# Xubuntu ohne CD auf Laptop mit XP installiern



## Mojo (24. Oktober 2008)

Hey,
ich will auf meinen alten Laptop Xubuntu installieren. Jetzt ist dort noch Win XP drauf allerdings ist er dadurch extrem langsam. Ich hab mir die alternative CD von Xubuntu geladen, hab jezt nur dass Problem dass ich es nicht installieren kann, da der Laptop kein CD-Laufwerk mehr hat. Ich hab dann wubi geholt und so installiert doch wenn ich jetzt Xubuntu booten will komm ich wieder in ein Installer Menü wo ich dann verschieden Modi zum installieren auswählen kann doch bei jedem kommt Error 15: File Not Found. Wie kann ich es sonst noch installieren?

MfG
Mojo


----------



## uuodan (24. Oktober 2008)

Wenn dein Notebook von USB-Medien booten kann, würde ein USB-Stick z.B. helfen. Einfacher wäre es aber, wenn du dir ein CD-Rom Laufwerk besorgst.


----------



## Mojo (24. Oktober 2008)

Ich habs bis jetzt noch nicht geschafft von usb zu booten. Und ein CD laufwerk will ich mir jetzt icht kaufen ich hätte noch ein externes aber das ging bis jetzt auch noch nicht.


----------



## Mojo (24. Oktober 2008)

Könnt ihr mir ein kleines Linux empfehlen dass ich von diskette booten kann?


----------



## k-b (24. Oktober 2008)

fli4l: News


----------



## Bauer87 (25. Oktober 2008)

Du könntest ein fertig installiertes Ubuntu-System auf eine ext3-Partition kopieren, dann den Bootloader manuell einspielen. Am einfachsten (und ohne große Gefahr durch Fehler gar nicht mehr starten zu können) sollte es gehen, es auf Diskette einzurichten. Dann das Ubuntu auf der HDD starten und von da Grub auf die Festplatte parken.
Im Grunde passiert bei der Ubuntu-Installation nämlich nichts spannendes, es wird einfach das System auf die Platte kopiert. Hardware-Erkennung läuft unter Linux ja ständig und es werden dynamisch die richtigen Treiber geladen. Daher kann man auch ohne Probleme die komplette Hardware wechseln und hat dadurch keinen Aufwand mit der Software.

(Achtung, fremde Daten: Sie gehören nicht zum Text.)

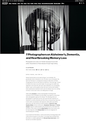 “7 Photographers On Alzheimer’s, Dementia & Heartbreaking Memory Loss” Vice Magazine Feb 2020
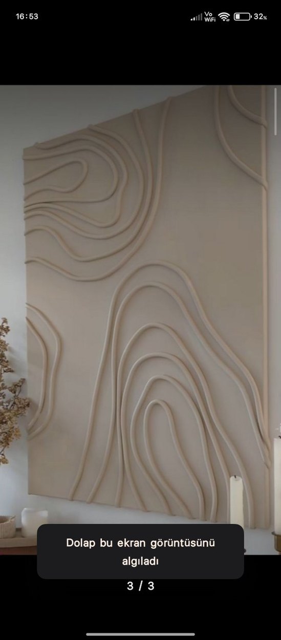 Bej renkte kabartmalı, akışkan çizgilerle soyut desen oluşturan gri tonlarda duvar tablosu. Duvara hafif derinlik katar.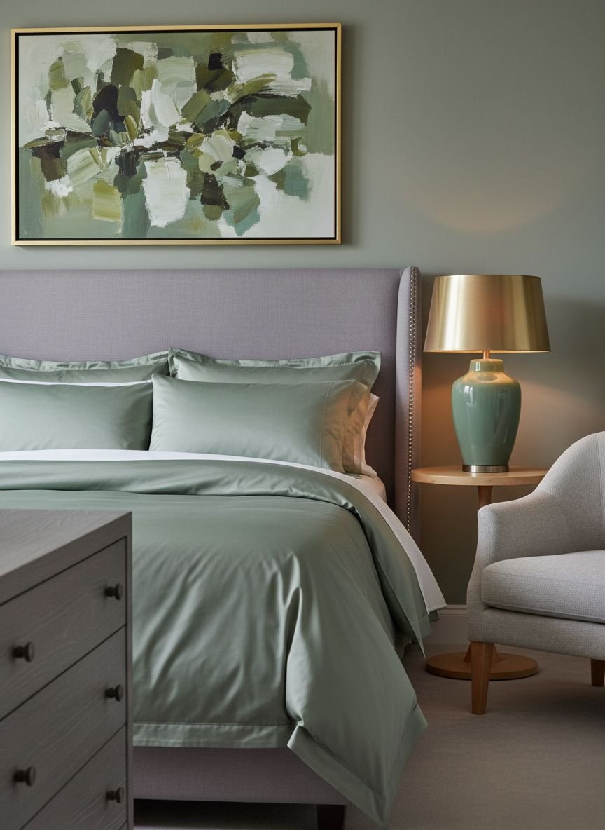 Start with your base sage walls. For your bedding, choose a lighter, minty green. For your accent chair or rug, go for a deep forest green. Introduce gray through hardware (drawer pulls, curtain rods) and frames. The result is a rich, layered look that feels curated over time. It prevents the “flat” look that can happen when you match your bedding perfectly to your wall paint.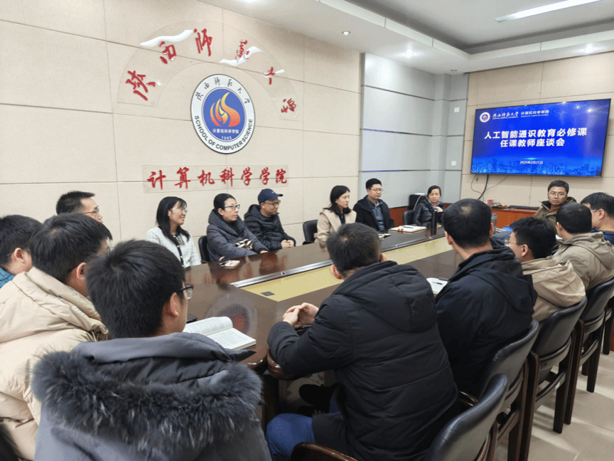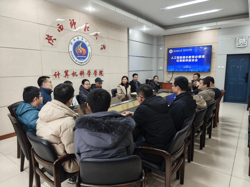 于2025年2月21日下午在长安校区文津楼3431会议室,组织召开了人工智能通识教育必修课任课教师座谈会。会议由院长姚若侠主持,教学副院长李鹏、通识教育课程群负责人马君亮以及《人工智能开发实践》通识教育必修课全体任课教师参会,座谈会围绕课程改革与教学质量提升展开深入交流。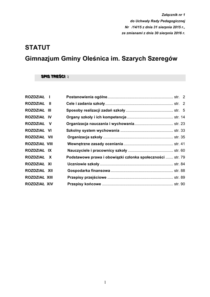 Załącznik nr 1 do Uchwały Rady Pedagogicznej Nr /14/15 z dnia 31 sierpnia 2015 r., ze zmianami z dnia 30 sierpnia 2016 r. STATUT Gimnazjum Gminy Oleśnica im. Szarych Szeregów SSPPIISS TTR REEŚŚC CII :: ROZDZIAŁ I Postanowienia ogólne ............................................................. str. 2 ROZDZIAŁ II Cele i zadania szkoły ............................................................... str. 2 ROZDZIAŁ III Sposoby realizacji zadań szkoły ............................................ str. 5 ROZDZIAŁ IV Organy szkoły i ich kompetencje ........................................... str. 14 ROZDZIAŁ V Organizacja nauczania i wychowania .................................... str. 23 ROZDZIAŁ VI Szkolny system wychowania ................................................. str. 33 ROZDZIAŁ VII Organizacja szkoły ................................................................. str. 35 ROZDZIAŁ VIII Wewnętrzne zasady oceniania .............................................. str. 41 ROZDZIAŁ IX Nauczyciele i pracownicy szkoły .......................................... str. 60 ROZDZIAŁ X Podstawowe prawa i obowiązki członka społeczności ....... str. 79 ROZDZIAŁ XI Uczniowie szkoły .................................................................... str. 84 ROZDZIAŁ XII Gospodarka finansowa .......................................................... str. 88 ROZDZIAŁ XIII Przepisy przejściowe ............................................................. str. 89 ROZDZIAŁ XIV Przepisy końcowe .................................................................. str. 90 1 ROZDZIAŁ I Postanowienia ogólne § 1. 1 Gimnazjum Gminy Oleśnica zwane dalej szkołą jest placówką publiczną. 1) prowadzi bezpłatne nauczanie i wychowanie w zakresie co najmniej podstawy programowej kształcenia ogólnego; 2) Gimnazjum przeprowadza rekrutację dzieci w oparciu o zasadę powszechnej dostępności; 3) zatrudnia nauczycieli posiadających kwalifikacje określone w odrębnych przepisach. 2. Siedzibą szkoły jest budynek przy ulicy Wileńskiej 32 w Oleśnicy. 3. Organem prowadzącym jest Gmina Oleśnica. 4. Nadzór pedagogiczny nad szkołą sprawuje Dolnośląski Kurator Oświaty. 5. Gimnazjum Gminy Oleśnica używa nazwy: Gimnazjum Gminy Oleśnica im. Szarych Szeregów w Oleśnicy. 6. Ustalona nazwa używana jest w pełnym brzmieniu. 7. Gimnazjum jest jednostką budżetową. ROZDZIAŁ II Cele i zadania szkoły § 2. Szkoła realizuje cele i zadania określone w Ustawie o systemie oświaty oraz w przepisach wydanych na jej podstawie. § 3. Szkoła opracowała Misję Szkoły i Wizję Szkoły. Stanowią one integralną cześć oferty edukacyjnej, a osiągnięcie zawartych w nich założeń jest jednym z głównych celów Szkoły. § 4. MISJA SZKOŁY Nasze działania skupione są wokół stworzenia szkoły bezpiecznej, otwartej i przyjaznej. Naszym celem jest wychowanie i wykształcenie absolwenta będącego człowiekiem prawym, posiadającym rzetelną wiedzę i umiejętności, wrażliwego na drugiego człowieka oraz przygotowanego do mądrego i godnego życia w Polsce i Europie. § 5. Model absolwenta Gimnazjum Gminy Oleśnica Absolwent naszego gimnazjum będzie: 1) wyposażony w gruntowną wiedzę ogólną, umożliwiającą podjęcie nauki na wyższym etapie kształcenia, 2) umiał planować, organizować i oceniać własne uczenie się, 3) dbał o kulturę języka pisanego i mówionego, 4) szanował tradycję i kulturę własnego narodu, 2 5) tolerancyjny wobec innych kultur i tradycji, 6) efektywnie współdziałał w zespole, 7) miał poczucie własnej wartości i szacunek dla innych ludzi, 8) znał 2 języki obce (jeden w stopniu podstawowym, drugi w rozszerzonym) 9) przygotowany do życia w zjednoczonej Europie 10) posiadał wiedzę i umiejętności związane ze zdrowymi stylami życia, profilaktyką uzależnień, 11) miał świadomość ekologiczną i rozumiał sens słów: „Ziemi nie odziedziczyliśmy po naszych przodkach ale pożyczyliśmy ją od naszych dzieci” 12) właściwie odbierał i wykorzystywał media 13) przygotowany do wyszukiwania, porządkowania i wykorzystywania informacji z różnych źródeł z zastosowaniem technologii informacyjnej 14) człowiekiem kulturalnym, uczciwym, wiarygodnym, odpowiedzialnym, wytrwałym, kreatywnym, przedsiębiorczym. § 6. Głównym celem i zadaniem Szkoły jest dbałość o wszechstronny rozwój uczniów. 1. Cele i zadania Szkoły wynikają z przepisów prawa oraz uwzględniają Program Wychowawczy i Program Profilaktyki dostosowany do potrzeb rozwojowych uczniów oraz potrzeb danego środowiska, o których mowa w odrębnych przepisach 2. W szczególności Szkoła: 1) umożliwia zdobycie wiedzy ogólnej, zgodnie z aktualnym stanem nauki, na wysokim poziomie merytorycznym określonym w dokumentacji programowej Szkoły; 2) zapewnia uczniom bogaty, autorski program wychowawczy i stwarza środowisko wychowawcze sprzyjające rozwojowi własnych zainteresowań; 3) z należytą troską dba o rozwój umysłowy, moralno - emocjonalny i fizyczny uczniów, między innymi poprzez: a) organizowanie różnorodnych imprez kulturalnych, artystycznych, działalności turystyczno- krajoznawczej; b) stawianie wysokich wymagań dotyczących kultury bycia; c) przekazywanie wiedzy i kształcenie umiejętności funkcjonowania w rodzinie i środowisku, państwie, narodzie i społeczeństwie; d) zapewnianie poszanowania uczniom, ich godności osobistej, wolności światopoglądowej i wyznaniowej; e) umożliwianie podtrzymania poczucia tożsamości narodowej, etnicznej dalszego kierunku i językowej. 4) umożliwia absolwentom dokonanie świadomego kształcenia; 3 wyboru 5) kształci w duchu tolerancji, humanizmu i patriotyzmu, przekazuje wiedzę o społeczeństwie, problemach społecznych, ekonomicznych kraju, świata, kulturze i środowisku naturalnym; 6) kształtuje i rozwija wśród uczniów cechy osobowości: przedsiębiorczość, kreatywność, s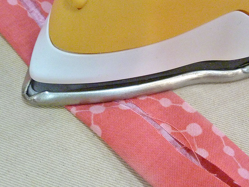 - Press open the seam allowance, then re-fold the panel wrong sides together. Press the loop all around.

Alternativ kannst du auch die Festplatte in einen anderen Computer einbauen, Ubuntu da installieren und die Platte dann wieder zurück in den Computer ohne CD-Laufwerk stecken. Allerdings sehe ich Probleme, eine HDD aus einem Laptop aus- und einzubauen.


----------



## Mojo (25. Oktober 2008)

Esrtmal Danke für die Antworten, hat mir aber bis jett nichts gebracht  



Bauer87 schrieb:


> Alternativ kannst du auch die Festplatte in einen anderen Computer einbauen, Ubuntu da installieren und die Platte dann wieder zurück in den Computer ohne CD-Laufwerk stecken. Allerdings sehe ich Probleme, eine HDD aus einem Laptop aus- und einzubauen.


 
Ausbauen ist kein Problem nur das anschließen an einem andren PC.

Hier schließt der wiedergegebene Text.